Дети продолжали смотреть на них широко открытыми глазами, не двигаясь с места. Но вот один из них вдруг разрушил неподвижность картины, начав яростно чесаться, и это привело к тому, что обруч, который он придерживал ногой, медленно покатился вперед и, покружив немного, оказался возле ног женщин, где и замер, звякнув напоследок своей латунью. Эмма не упустила возможности: она подняла обруч и сделала вид, что восхищена им.

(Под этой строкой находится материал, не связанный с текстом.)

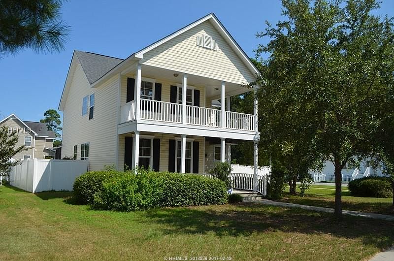 Corner lot with lake view in Bluffton Park has 3 spacious bedrooms, 2.5 baths & a screened in porch. Southern style home with double porches and a fenced yard. Fresh paint & new carpet complement the wood and tile flooring. Old carpet has been removed. Walking distance to Downtown Bluffton.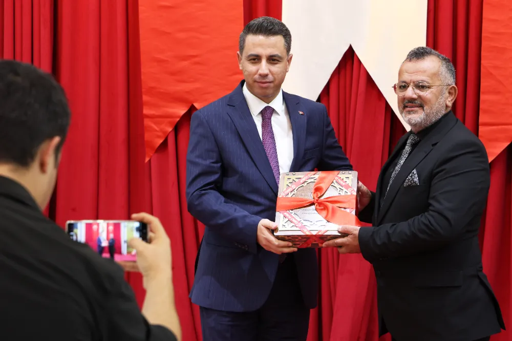 Konferansın sonunda ilçe Kaymakamı Şeref Gülyer, katkılarından dolayı Prof. Dr. Kadir Özköse’ye hediye takdim etti.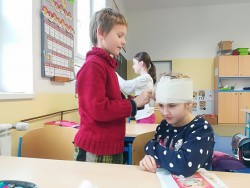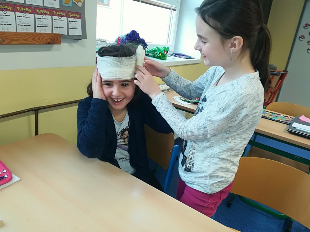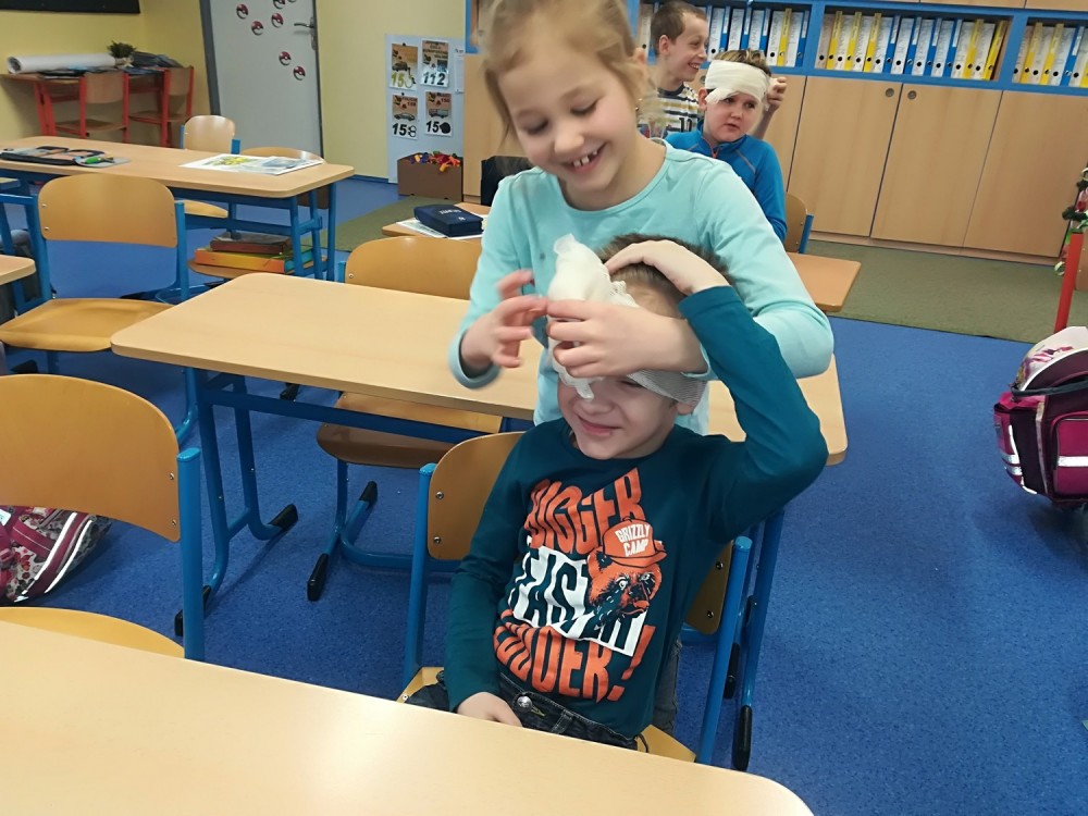 Tento výukový program zavedl děti do příběhů a situací, ve kterých se mohou svým i cizím zaviněním ocitnout každý den, např. úrazy, šikana, fyzické napadení aj. Děti se za dvě vyučovací hodiny seznámily s možnostmi a pravidly pomoci dětem, dospělým i zvířatům. Vysvětlili jsme si pravidla první pomoci a děti si samy vyzkoušely stabilizovanou polohu. Zkoušely také pracovat s obvazy, trojcípým šátkem a simulovaly telefonní hovor na záchrannou službu.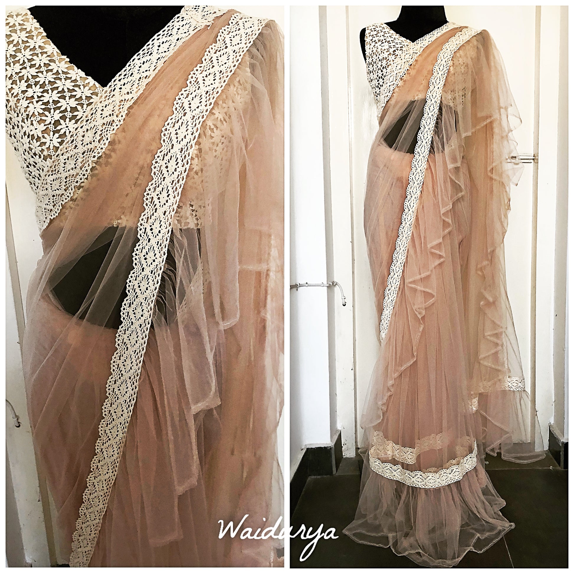 Beautiful peachy nude soft net hand frilled sari with cotton lace detailing. Absolutely stunning! Dainty and feminine for those day time affairs.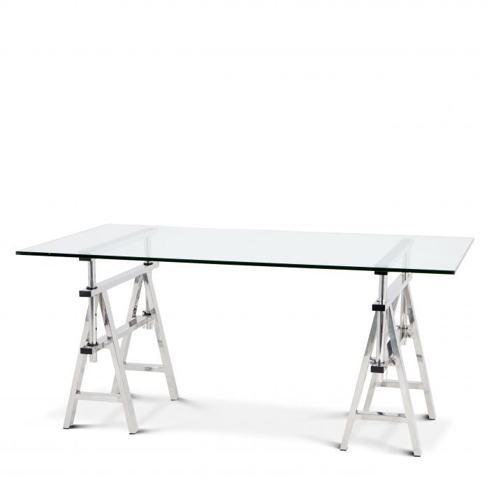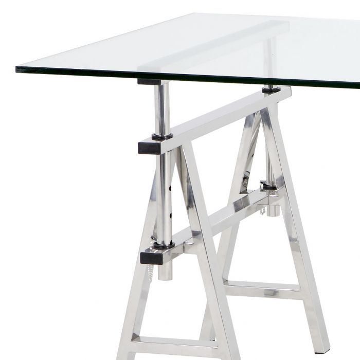 Elegantly anchor your lounge or study with the Shaker Desk. This sturdy furniture piece comprises a polished stainless steel frame and a durable clear glass tabletop.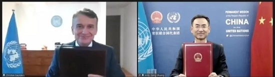 2021年9月17日,中国政府向联合国维和人员捐赠国药集团中国生物新冠疫苗交付仪式以视频方式举行,中国常驻联合国副代表耿爽与联合国助理秘书长桑德斯分别代表中国政府和联合国签署了疫苗援助交接证书,桑德斯代表古特雷斯秘书长和联合国系统向中国政府的慷慨援助表示感谢。同日,用于此次捐赠的国药集团新冠疫苗在北京启运,优先用于保障在非洲任务区执行任务的联合国维和人员。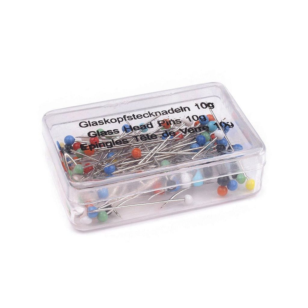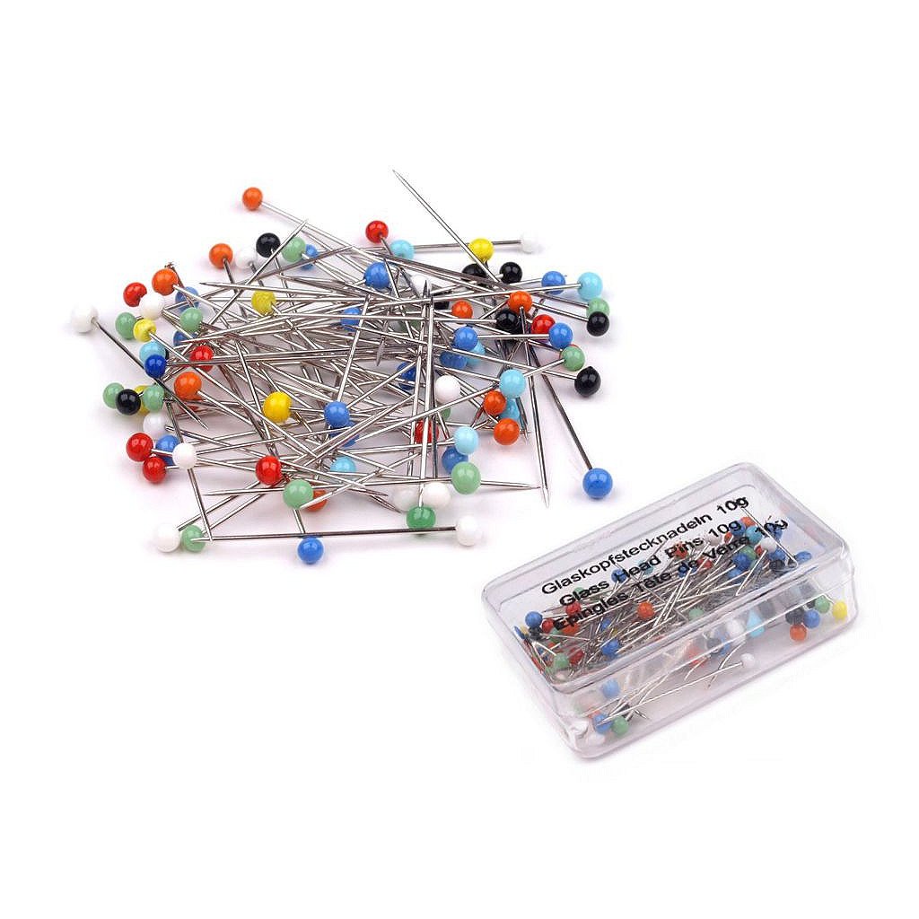 Špendlíky se skleněnou hlavičkou jsou dobře vidět, pohodlně se zapichují a drží v prstech. Nelámou se a jsou mírně ohebné oproti celokovovým špendlíkům. Využijete při krejčovské činnosti i v kanceláři.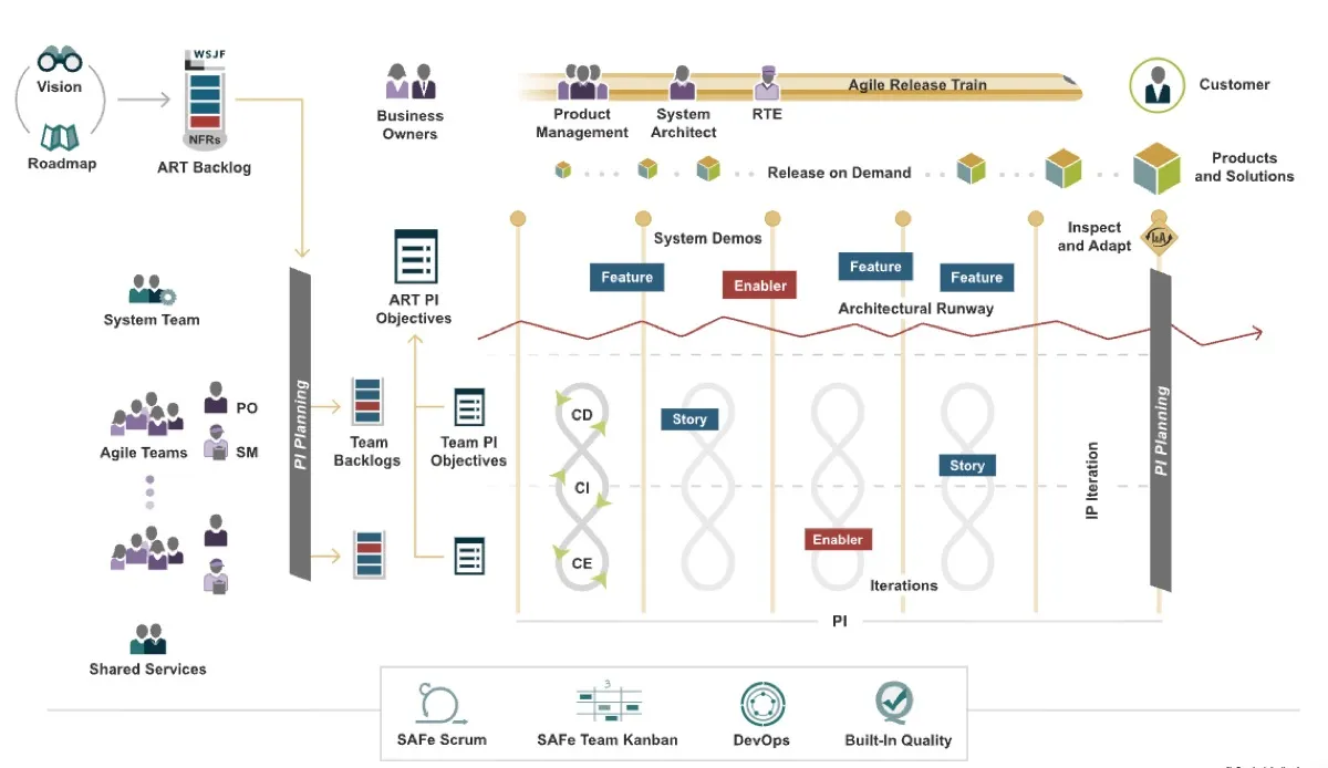- Program Increments (PIs): Fixed 8-12 week planning cycles where teams align on objectives and dependencies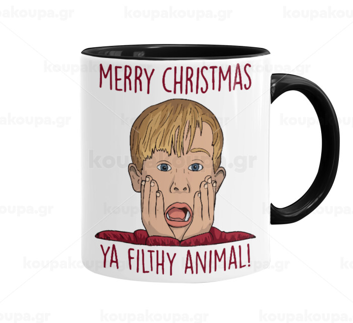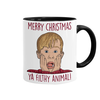 home alone, Merry Christmas ya filthy animal, Mug colored black, ceramic, 330ml

– Какой замечательный обруч, – сказала она. – Когда я была маленькая, у меня был такой же, только из дерева, а этот, кажется… железный?

– Это обруч от бочки, мэм. Они катятся гораздо лучше, чем деревянные, и к тому же прочнее, – объяснил, по-видимому, самый старший из них – худенький парнишка с копной вьющихся волос, падавших ему на глаза.

– В самом деле? – проявила интерес Эмма. – А я не знала. И где ты его раздобыл… э-э-э… кстати, как твое имя, мальчуган?

– Керли, – неохотно пробормотал он.

– Кертис? – притворилась, что не расслышала, Эмма. Стоявшие рядом девочки хихикнули.

– Керли, меня зовут Керли… это из-за моих волос, понимаете[9]9
  От англ. curly – «кудрявый».


[Закрыть]
… – встряхнул кудрявой шевелюрой паренек и на удивление взрослым жестом протянул девушке руку.

– Рада познакомиться с тобой, Керли, – ответила Эмма и пожала ему руку.

– Я тоже, Керли, – вторила ей Джейн.

Остальные дети сгрудились за спиной у Керли.

– А меня зовут Хобо, – вдруг произнес самый маленький мальчик, похожий на воробушка. Его держала за руку девочка постарше.

Мы неподвижно стояли за женщинами, но не потому, что проход был слишком узок, а из-за нашего скудного опыта общения с детьми и ободряюще заулыбались малышу, что, впрочем, могло ему не понравиться.